The green line tracks almost identically with the baselines. This is a significant finding: using the instruction to select cache states does not degrade the model’s general language modeling capability. It turns out that the states useful for answering the question are also sufficient for maintaining the syntax and flow of the document processing.
Analysis: Position Bias
Does it matter where the “needle” is located? Previous research has shown LLMs suffer from “Lost in the Middle” syndrome.

Figure 8 serves as a heatmap of performance. The x-axis is the needle position, and the y-axis is document length. Darker blue indicates better performance. While CItruS performs very well (mostly dark blue), there is a slight fading in the middle columns. This indicates that while CItruS vastly improves retrieval, the inherent bias of LLMs to focus on the beginning and end of documents persists to some degree. However, compared to baselines that would be completely white (zero retrieval) at these lengths, this is a massive improvement.
Why CItruS Matters
The implications of CItruS are substantial for students and researchers working with LLMs:
- Training-Free: CItruS is an inference-time technique. You do not need to fine-tune Llama or Mistral. You simply change how the KV cache is managed during generation. This makes it accessible and cheap to implement.
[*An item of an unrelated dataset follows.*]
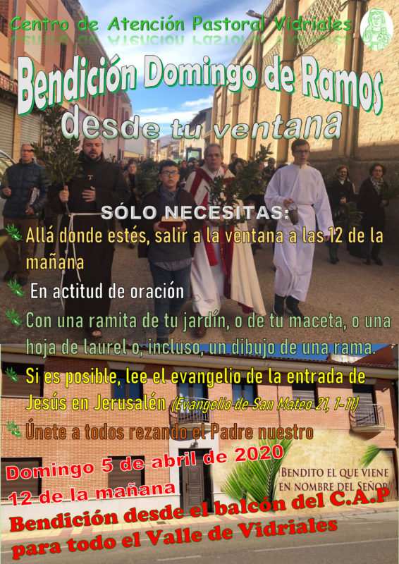 Aunque estemos confinados en nuestras casas, siguen siendo unos días importantes con el inicio de la Semana Santa. Por ello, desde el Centro de Atención Pastoral Vidrialés, invitan a celebrar la Bendición del Domingo de Ramos desde sus ventanas.

- Memory Efficiency: By proving that a Shared Cache works, CItruS shows we don’t need to double our memory requirements to get good retrieval. We just need to be smarter about what we keep.
- Solving Information Neglect: The paper provides a clear theoretical framework (Information Neglect) and a practical solution. It highlights that “importance” in neural networks is relative to the goal (fluency vs. task), not an absolute property of a token.
Conclusion
The “CItruS” paper tackles the critical bottleneck of long-context modeling: the trade-off between memory efficiency and information retention. By identifying “Information Neglect”—the tendency of standard models to discard task-relevant details in favor of local fluency—the authors propose a novel, instruction-aware eviction strategy.
Through the use of Chunked State Eviction and an Instruction-Aware Cache, CItruS allows standard open-source models to process documents containing up to a million tokens and retrieve specific details with near-perfect accuracy. It bridges the gap between the “reading” mind and the “solving” mind of the LLM, ensuring that when the model reads a book, it remembers exactly what you asked it to look for.